Call it a soccer family. Roland de Boer does.

He and his mother, Riny de Boer, coached a number of young soccer enthusiasts at the Kaw Valley Soccer Assn. Camp America II last week at Youth Sports Inc.

The soccer thread runs deep in the de Boer family. Roland's father was once the president of the KVSA. His brother, mom and dad were all certified referees at one point.

"It's just a soccer family," Roland de Boer, who also coaches at Perry-Lecompton High, said.

He said when his mom asked him to coach this camp with her, he didn't hesitate.

"'She needed some help with camp so I said 'OK," Roland said of how the conversation went when Riny asked for his help.

"It's a blast doing this camp with her," he said. "I've been playing soccer since I was born and it's mostly her fault."

Riny couldn't be happier about coaching with her son.

"It's really a joy for me," she said. "He has so much knowledge and he's so good with the kids."

Riny said Roland could offer more knowledge and new strategies to the players attending the camp, and Roland wanted to put his knowledge to use by coaching the kids who are involved in the KVSA.

"The reason I'm getting into coaching is because of my parents," Roland said. He also said he and his mom share a lot of the same coaching methods, but that "she's more fun."

The fun side of the KVSA camp came for Riny as she worked with the small children, one of her favorite parts of the camp. She worked with the 5- year-olds, while Roland worked with the 7-up through- 11 year olds. Riny said the 5-year -olds' favorite game was "Sharks and Minnows." The coaches would jog around imitating the "pre-shark attack" music and suddenly shout "shark attack," as the children ran and screamed, trying not to let the sharks "eat" their soccer balls.

The kids had to use their dribbling and shielding skills they've learned in camp to ensure that they were the last ones standing.

"We're working on lots of individual skills," Roland de Boer said.

One of the main goals in having the younger children in camp was the hope of teaching them, as Riny de Boer put it,"the interaction social part of the game; the love of the game."

Aside from the games played during the sessions, the camp offered improvement to many of the older children have played soccer before.

The goal for the older children was to ensure they could learn the skills necessary to play effectively down the road.

The camp the de Boer's run has brought in many players seeking to learn a few more skills. And they aren't the only ones who keep soccer in the family.

"This is a really good youth program," Sandra Mesler said.

Mesler's children, 7-year-old Eric Groefke and 9-year-old Carl Groefke, come to Lawrence from Germany each summer along with their parents to visit family. The boys said they have noticed some differences between "football" in Germany and soccer here.

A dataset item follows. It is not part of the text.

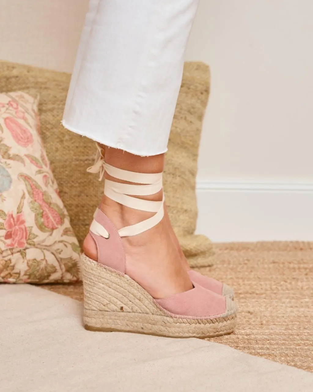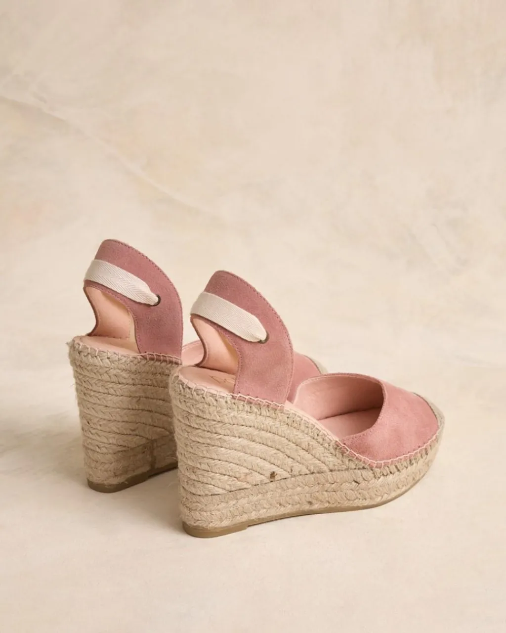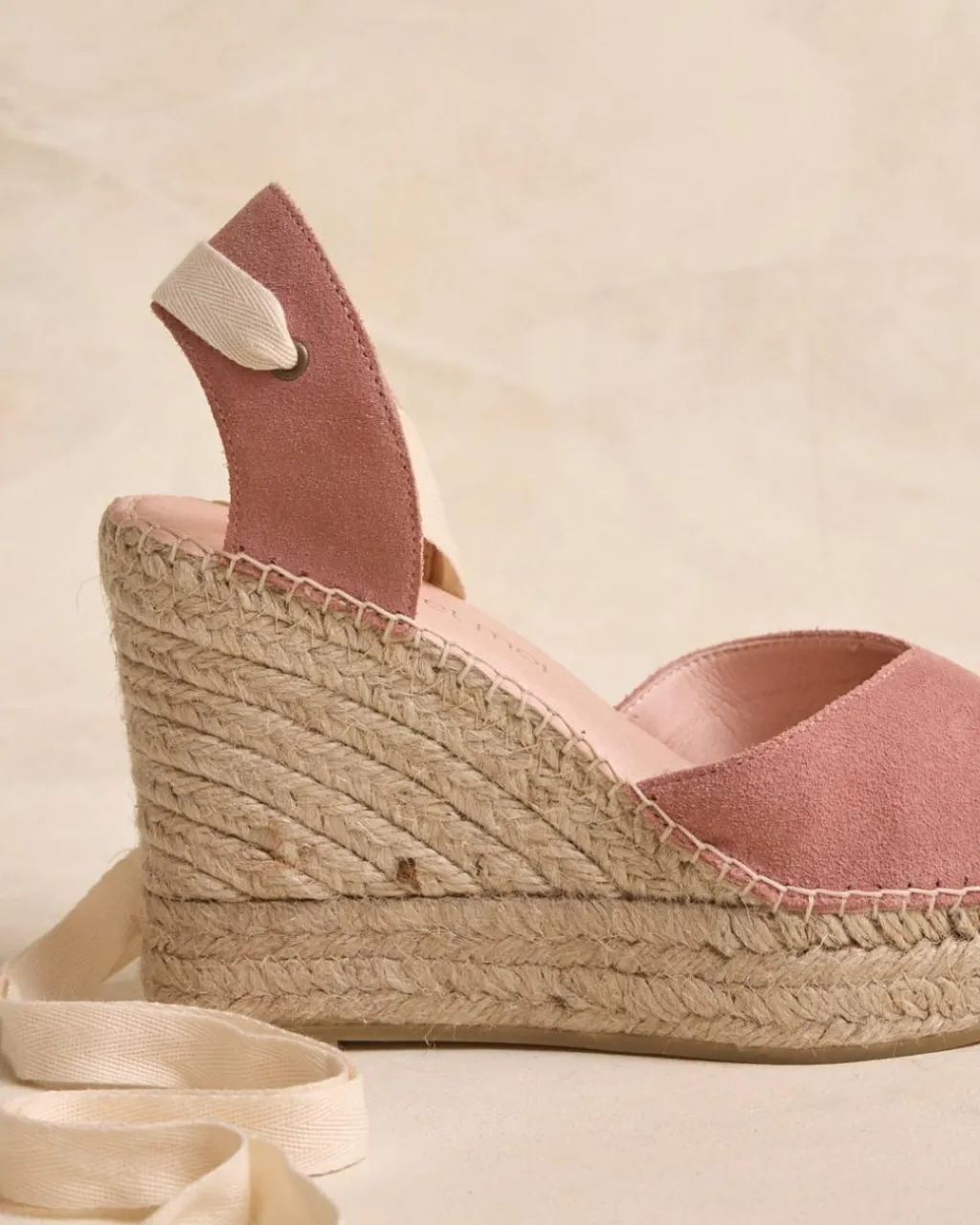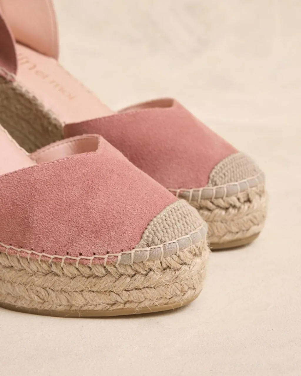 Alpargata con plataforma en ante en color rosa. Puntera ligeramente redondeada con detalle en la punta de esparto. Sujeción al tobillo con cintas en color crudo. Escote abierto ligeramente en forma de corazón. Fabricación española de yute natural. La plantilla tiene una almohadilla para mayor comodidad. Una alpargata para elevar cualquier look esta temporada. Tallan normal. Si dudas entre dos tallas, te aconsejamos elegir la talla superior.

Eric Groefke said he likes playing soccer in the United States better, while his older brother Carl said he prefers the German version.

Both brothers play soccer in Germany and decided to brush up on their skills while in Lawrence and participate in the KVSA camp.

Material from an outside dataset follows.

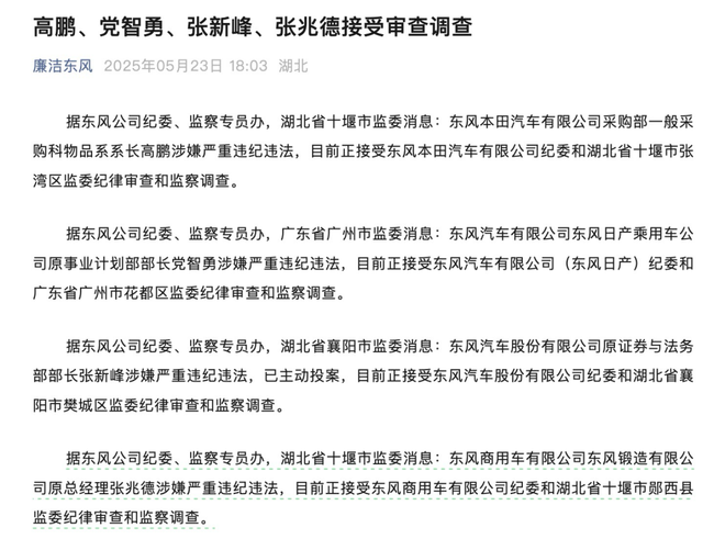 此次,东风本田、东风日产、东风商用车等合资子公司的高鹏、党智勇、张新峰、张兆德4人落马,涵盖采购、计划、证券法务等关键岗位。

"Here, it's a little easier than in Germany," Carl Groefke said of playing and learning soccer here in the United States.

His brother, Eric, had other reasons as to why he liked to play here.

"I like to play soccer and most people speak English here," Eric said, although Mesler said both her boys were fluent in German.

Other than the languages, there were other differences between the two soccer programs. Mesler said in Germany the children are involved in "serious clubs" at a much younger age.

"They have a four-week tryout in May and June," Mesler said. "They practice two times a week and after the four weeks they call you and say, 'Yes, we want your kid' or 'No, we don't want your kid.'"

Carl Groefke said he had already tried out for a team back home and was invited back.

Because the boys started playing soccer at a very young age in Germany, they seem to have developed sharper skills coming from a country where the passion for the sport is elevated to such a height.

"They are definitely above the rest, not just their skills but also their awareness of the game," Coach Roland de Boer said. "In Germany they get immersed in soccer, whereas here it's just a sport."